**WHAT IS NEEDED**
Repeat the data as given. Images do not go in the copy.

**MATERIAL PROVIDED**
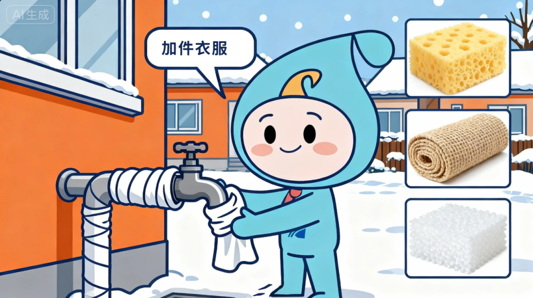 對(duì)暴露在室外的水表、水管、水龍頭等用水設(shè)施,建議采用家中廢舊棉絮、衣物、保溫棉等保暖材料進(jìn)行緊密包裹,確保裹護(hù)嚴(yán)實(shí)無空隙,并及時(shí)更換受潮的保暖材料,保持干燥狀態(tài),有效阻隔低溫侵襲。
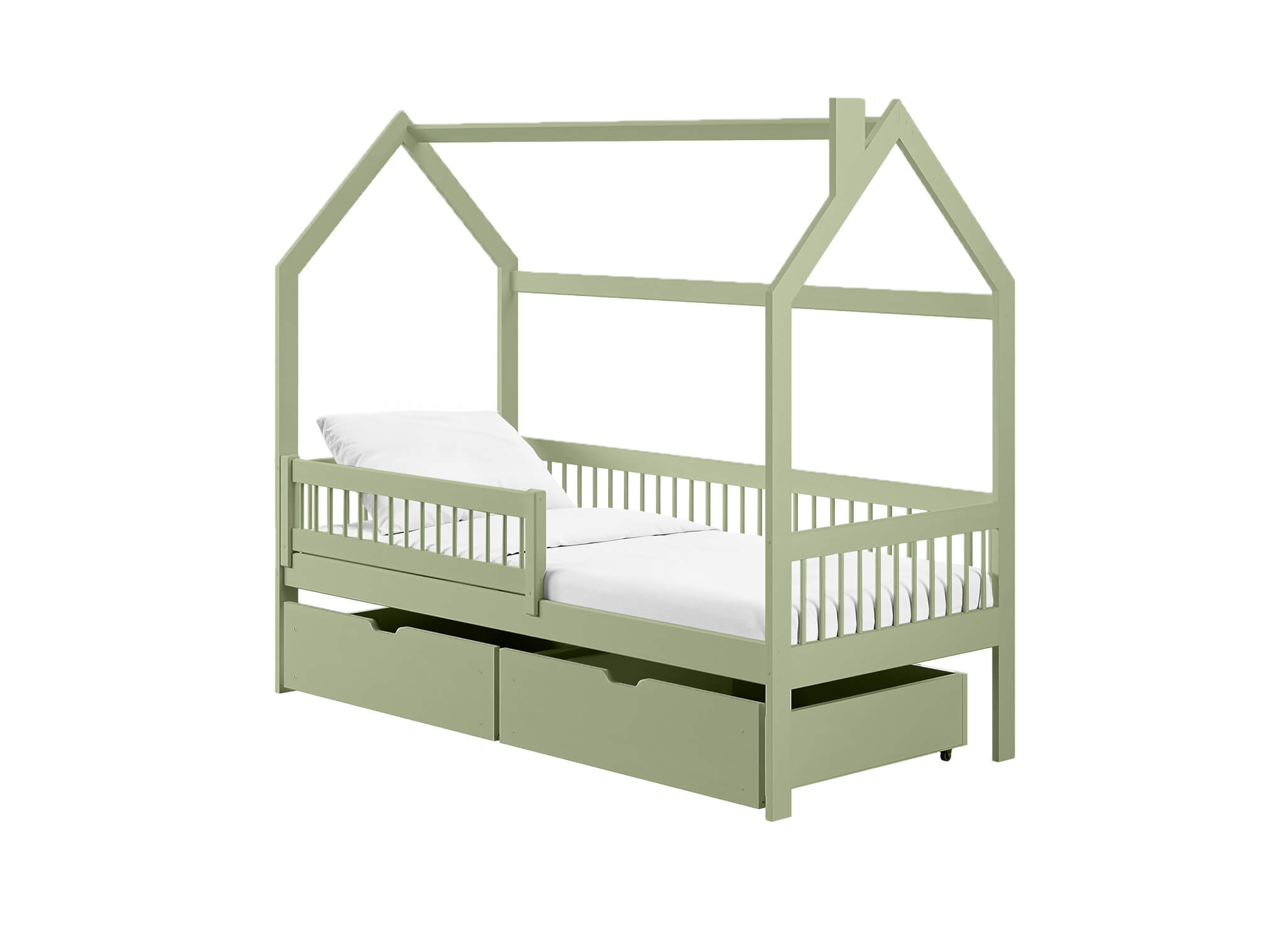 Pojemne szuflady oliwkowego łóżka dziecięcego domek OSKAR na wszystkie skarby
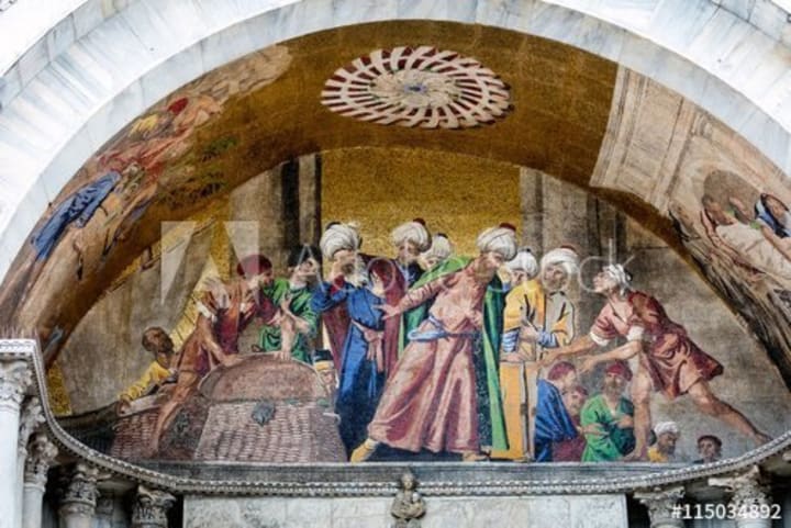 There Mark remained in Alexandria until AD 828 when it was believed that relics of his body were stolen by two Venetian merchants — aided by two Greek monks — and removed to Venice. Today, in a mosaic in San Marco’s (St Mark’s) Basilica in Venice, a visitor can see sailors delivering the body hidden beneath pork and cabbage leaves so as to escape detailed inspection by Muslim guards in Alexandria, who would not have touched the “unclean” meat.
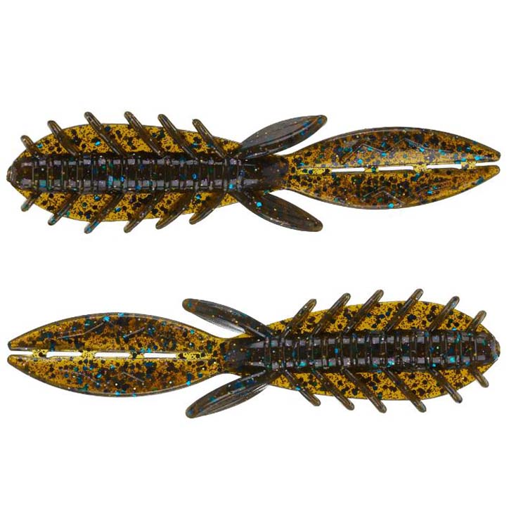 Featuring an innovative flex-wing design, the Netbait Dagger Creature Bait is an enticing new option to fling into the thickest cover your water has to offer. Perfect for punching through matts, stick-ups, or any other cover you come across, it relies on a compact body core to easily accommodate a large Texas-rig flippin’ hook while its thin, collapsible wing design compresses quickly to improve hook penetration. In addition to aiding in its ability to slip into tight cover efficiently, the flex-wing also integrates forward-facing angled ribs into the design to improve water displacement and promote a natural swimming action that fish simply can’t resist.
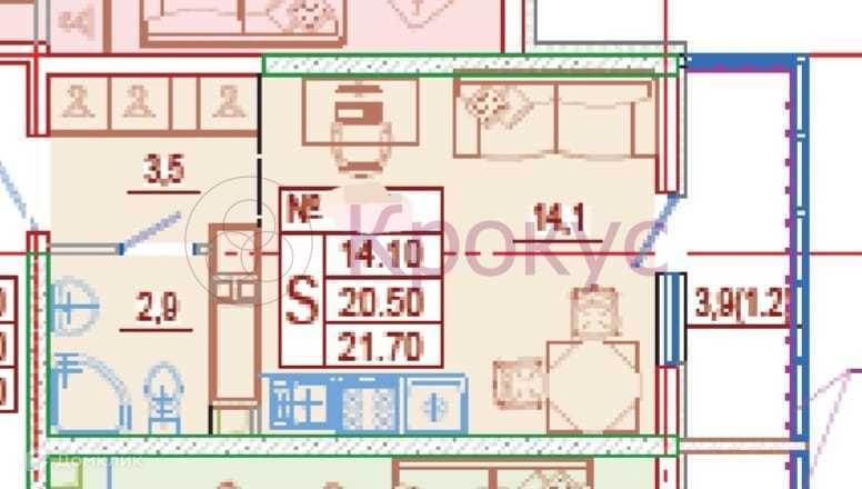 Общая площадь 21.7 м2
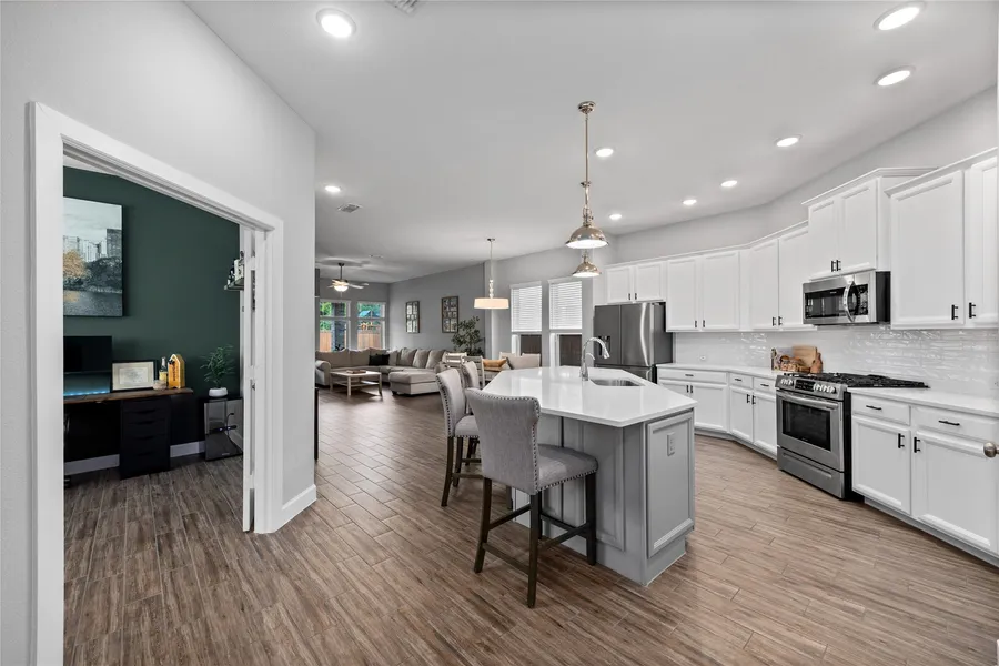 Welcome to this stunning two-story David Weekley home, beautifully maintained and move-in ready! The open-concept layout features soaring ceilings, abundant natural light, and elegant finishes throughout such as wood-look tile. The kitchen is a dream with white cabinets, quartz counters, stainless steel appliances, subway tile backsplash, and a spacious island perfect for entertaining. The private office with French doors offers a quiet place to work or study. The first-floor primary suite is a serene retreat with a luxurious ensuite bath and generous walk-in closet. Upstairs, you’ll find a spacious game room, two secondary bedrooms, and a full bath—ideal for family or guests. Step outside to the large covered patio, surrounded by beautiful greenery, creating the perfect space to relax or entertain. Zoned to top-rated schools and nestled in a welcoming community, this pristine home truly has it all!
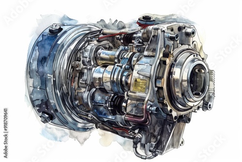 Illustration of a jet engine on a white background, suitable for educational or technical purposes
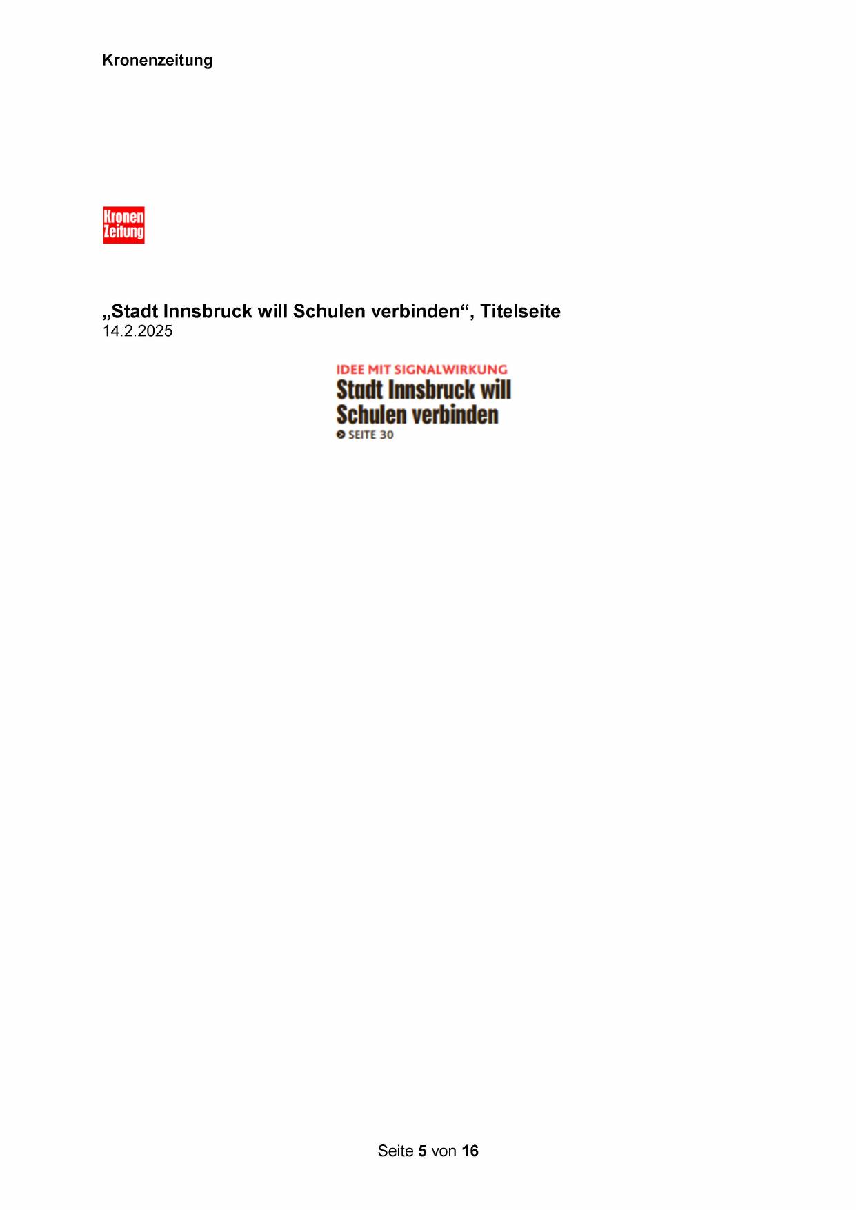 „Stadt Innsbruck will Schulen verbinden“, Titelseite
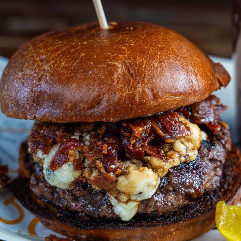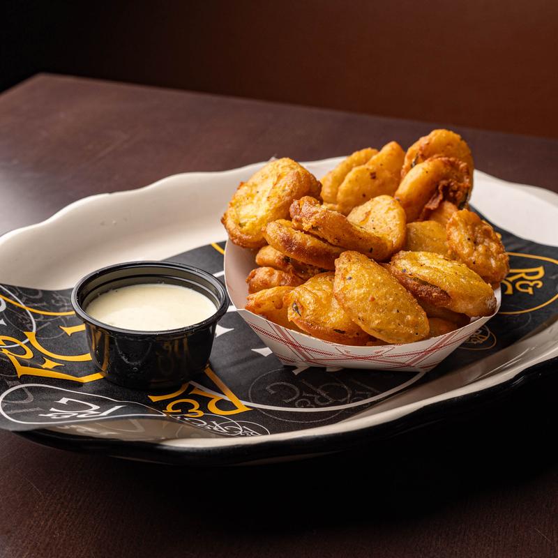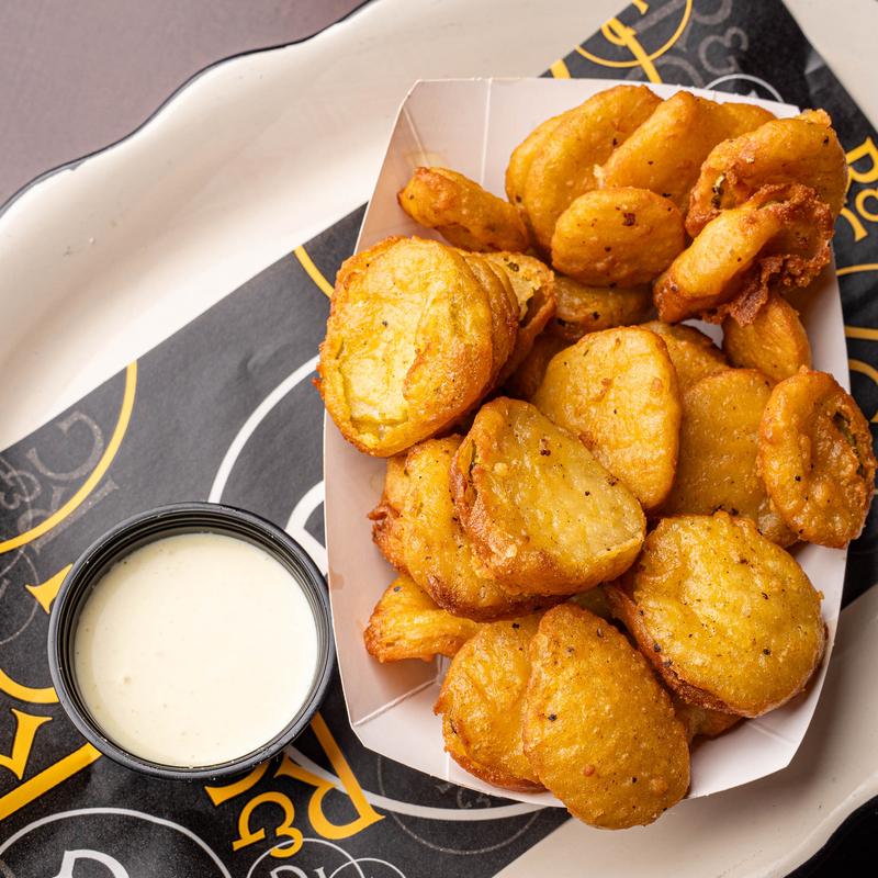 DUSTYS BBQ SMOKED PORK SHOULDER, CRISPY ONIONS, PICKLES

**RESPONSE FOR THIS EXERCISE**
 對(duì)暴露在室外的水表、水管、水龍頭等用水設(shè)施,建議采用家中廢舊棉絮、衣物、保溫棉等保暖材料進(jìn)行緊密包裹,確保裹護(hù)嚴(yán)實(shí)無空隙,并及時(shí)更換受潮的保暖材料,保持干燥狀態(tài),有效阻隔低溫侵襲。
 Pojemne szuflady oliwkowego łóżka dziecięcego domek OSKAR na wszystkie skarby
 There Mark remained in Alexandria until AD 828 when it was believed that relics of his body were stolen by two Venetian merchants — aided by two Greek monks — and removed to Venice. Today, in a mosaic in San Marco’s (St Mark’s) Basilica in Venice, a visitor can see sailors delivering the body hidden beneath pork and cabbage leaves so as to escape detailed inspection by Muslim guards in Alexandria, who would not have touched the “unclean” meat.
 Featuring an innovative flex-wing design, the Netbait Dagger Creature Bait is an enticing new option to fling into the thickest cover your water has to offer. Perfect for punching through matts, stick-ups, or any other cover you come across, it relies on a compact body core to easily accommodate a large Texas-rig flippin’ hook while its thin, collapsible wing design compresses quickly to improve hook penetration. In addition to aiding in its ability to slip into tight cover efficiently, the flex-wing also integrates forward-facing angled ribs into the design to improve water displacement and promote a natural swimming action that fish simply can’t resist.
 Общая площадь 21.7 м2
 Welcome to this stunning two-story David Weekley home, beautifully maintained and move-in ready! The open-concept layout features soaring ceilings, abundant natural light, and elegant finishes throughout such as wood-look tile. The kitchen is a dream with white cabinets, quartz counters, stainless steel appliances, subway tile backsplash, and a spacious island perfect for entertaining. The private office with French doors offers a quiet place to work or study. The first-floor primary suite is a serene retreat with a luxurious ensuite bath and generous walk-in closet. Upstairs, you’ll find a spacious game room, two secondary bedrooms, and a full bath—ideal for family or guests. Step outside to the large covered patio, surrounded by beautiful greenery, creating the perfect space to relax or entertain. Zoned to top-rated schools and nestled in a welcoming community, this pristine home truly has it all!
 Illustration of a jet engine on a white background, suitable for educational or technical purposes
 „Stadt Innsbruck will Schulen verbinden“, Titelseite
 DUSTYS BBQ SMOKED PORK SHOULDER, CRISPY ONIONS, PICKLES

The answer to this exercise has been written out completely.